Are you applying any “band correction” when converting between radiances and brightness temperatures?

The Planck function converts between temperatures and radiances at monochromatic wavelengths. When applying the Planck function to radiometer channels, we must account for the finite width of the sensor channels. In RTTOV this is done via a linear temperature “band correction”. The offsets and slopes of the band correction for each channel are stored in the “rtcoef” coefficient file for the given sensor, in the FILTER_FUNCTIONS section.

When computing Planck radiances from atmospheric temperatures, the corrections are applied as (a + b.T) for temperature T, where a is the offset and b is the slope. The Planck function is then applied to the resulting effective temperature. When TOA radiances are converted to brightness temperatures using the inverse Planck function, the output brightness temperature is ((Tb – a) / b) where Tb is the output of the inverse Planck function applied to the TOA radiance. In all applications of the Planck function, the channel central wavenumber is used (also in the FILTER_FUNCTIONS section of the coefficient file).

This band correction should be applied as it is a real, physical correction: it only affects radiances, and has almost no effect on brightness temperatures.
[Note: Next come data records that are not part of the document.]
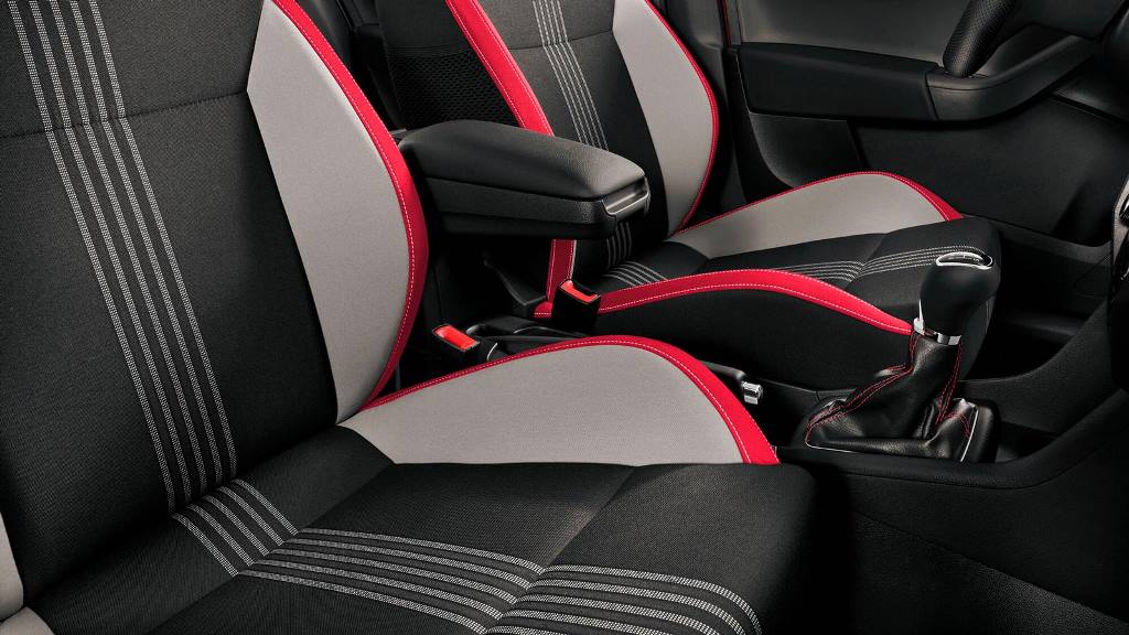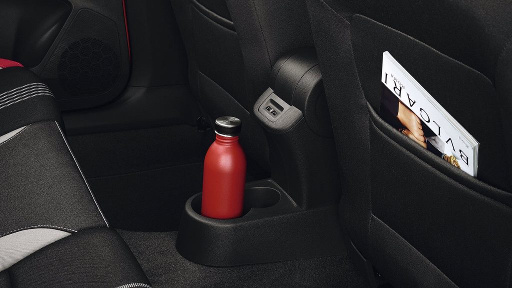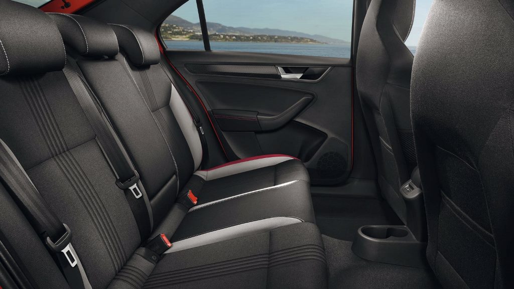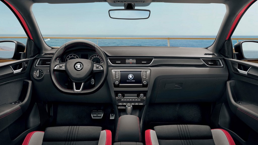 Škoda остается верна своему спортивному прошлому, не забывая при этом и о комфорте — удобный водительский подлокотник, специальные накладки на внутренней части дверей, кожаный рычаг стояночного тормоза, рычаг КПП и манжета из искусственной кожи, подстаканник в центральной консоли, две лампы для чтения спереди + одна лампа для чтения сзади, рулевая колонка с ручной регулировкой вылета и наклона, а еще перчаточный ящик с подсветкой, очечник и косметическое зеркало справа, сетка-карман на внутренней части спинок передних сидений и еще множество других удобных приспособлений.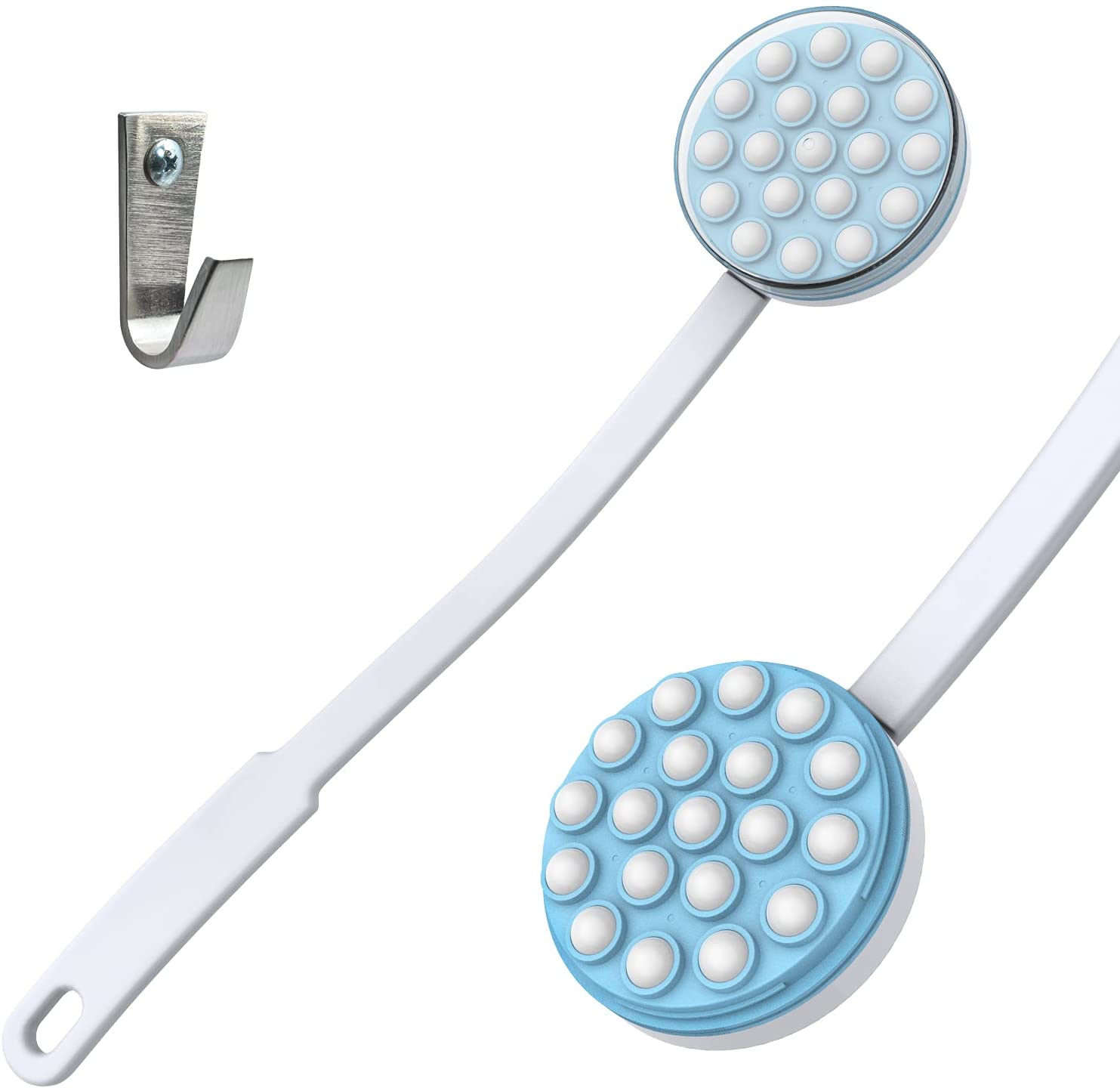 EASILY LOTION APPLICATION:Extra long handle. The handle of this lotion applicator measures 17. 25 inches long. This allows you to apply creams and gels to hard to reach areas, such as the back and feet, without twisting or squirming, making it ideal for those with limited mobility. And it comes with a hook! Caution on the hook. It’s really strong.This tool will be your new best friend!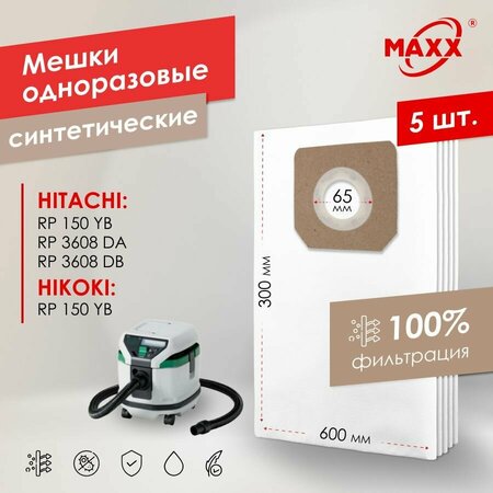 Меняйте мешки вовремя и ваш пылесос будет работать эффективно. Мешки MAXX для пылесоса разработаны для вашего пылесоса. Одноразовые мешки удобны в использовании. Специальный синтетический материал обеспечивает надежное удержание пыли и грязи, делая уборку легкой и быстрой. Универсальные модели подходят для указанных пылесосов. Они отлично справляются с задачей фильтрации загрязнений, устойчивы к важному мусору в отличие от бумажных пылесборников. Одноразовые универсальные фильтр мешки просты в замене: просто выбросьте старый пылесборник, установите новый - и готово. Универсальные одноразовые варианты экономят ваше время. Сменные мешки просты в использовании и обладают повышенной фильтрацией. Это важно для здоровья семьи и персонала. Синтетический фильтр качественно защищает двигатель вашего пылесоса, продлевая его срок службы, благодаря высоким фильтрующим свойствам и высокому содержания мельтблауна. Пыль больше не станет проблемой: мощный мешок для улавливания всех мелких частиц позаботится об этом. Пылесборники легко фиксируются внутри пылесоса, обеспечивая надежную работу без потерь мощности всасывания. Комплектация: 5 одноразовых мешков для пылесоса. Мешки для пылесоса: • HIKOKI: RP 150 YB RP150YBNSZ • HITACHI: RP 150 YB RP 3608 DA RP 3608 DB 93116246 Хитачи РП 150УБ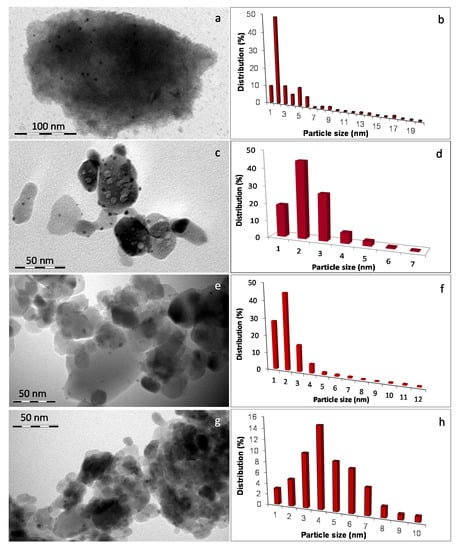 HRTEM images and their corresponding size distribution histograms of Au nanoparticles in (a,b) Au/Al2O3, (c,d) Au/Fe2O3, (e,f) Au/TiO2, (g,h) Au/ZnO. Histograms adapted from [5] with permission from Wiley.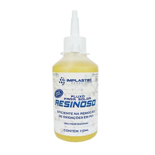 FLUXO PARA SOLDA IMPLASTEC RESINOSO 110ML - PAFR011060 Avaliação: SKU.: 13255 FLUXO PARA SOLDA IMPLASTEC RESINOSO 110ML - PAFR011060 is available for purchase in increments of 1 Faça Login ou Cadastre-se para comprar Descubra mais sobre Por ser mais ativo em relação aos fluxos comuns, atua na remoção de oxidações em placas de circuito impresso (PCI), além de melhorar a molhabilidade do metal na região em que se deseja soldar. Principais Aplicações: Soldagem pelo processo de estanhagem, quando há a necessidade de uma ação mais incisiva sobre as oxidações. Manuseio e Método de Aplicação: Aplique o Fluxo Resinoso Implastec nos pontos a serem soldados, aqueça a ilha de soldagem e efetue a solda do componente. Efetue a limpeza da placa eletrônica com o Álcool Isopropílico Implastec. Armazenagem: Armazenar o produto vedado, longe do calor, em local seco, ao abrigo da luz, bem ventilado, e em temperatura ambiente. Mantenha o produto em sua embalagem original. Não reutilizar a embalagem vazia. Observações: As informações e dados contidos neste boletim correspondem aos nossos conhecimentos atuais coligidos por pessoal técnico capacitado e confiável. Devem ser tomados como orientação e não como especificação garantida. Em qualquer caso de uso, o cliente deverá testar o desempenho contando com informações que possamos fornecer. Indicações de uso não são sugestões para se infringir patente ou legislação. Uma vez que não temos controle sobre o uso por terceiros, nossa responsabilidade se limita apenas ao nosso produto. Características Código Identificador (SKU) 13255 Garantia do Fabricante 12 meses Marca IMPLASTEC EAN 7898446731137 NCM 38249941 Origem do Produto Nacional

The band correction method used in RTTOV is the “Effective Temperature Method” described in this paper:
sharp_1983_radiance_to_bt_conversion.pdf

Let me know if this doesn’t answer your question.

Best wishes,
James

—
James Hocking
RTTOV/RadSim developer

[Tania Kleynhans]

Hi James,

Thanks for the answer, and no, I did not use the band corrections since I have created LUT’s sampled with the TIRS SRS’s to go between radiance to apparent temperature for each band. However, neither my method nor the band corrections will create this large of an difference. Note the example above – the TOA radiance values (converted to apparent temperatures) are out by ~10K for band 10 and ~20K for band 11.
This is why I am wondering if the “rttov_get_rad_clear” is not the correct call to get TOA radiance? Or if the “rttov_get_bt_clear” is not at sensor apparent temperature?
Note, when running RTTOV with 0.00001 emissivity, and calculating the TOA radiance from upwell, downwell, transmission, skin temperature and emissivity as in initial example, then the answers does not nearly match the “rttov_get_rad_clear” values, but are close to the converted apparent temperature values.

Any other suggestions?

[James Hocking]

Hi,

The radiance units that you printed in your output are not the units that RTTOV uses: RTTOV radiances are in
[mW/m^2/sr/cm^-1].

The radiance values you printed correspond exactly to the brightness temperatures (computed with the RTTOV band correction) except they are a factor of 10 too small. The rttov_get_rad_clear function is the correct one to use, the clear radiances must correspond to the clear-sky BTs because the BTs are computed from the radiances, so if those radiances and BTs are both coming from RTTOV something odd is going on!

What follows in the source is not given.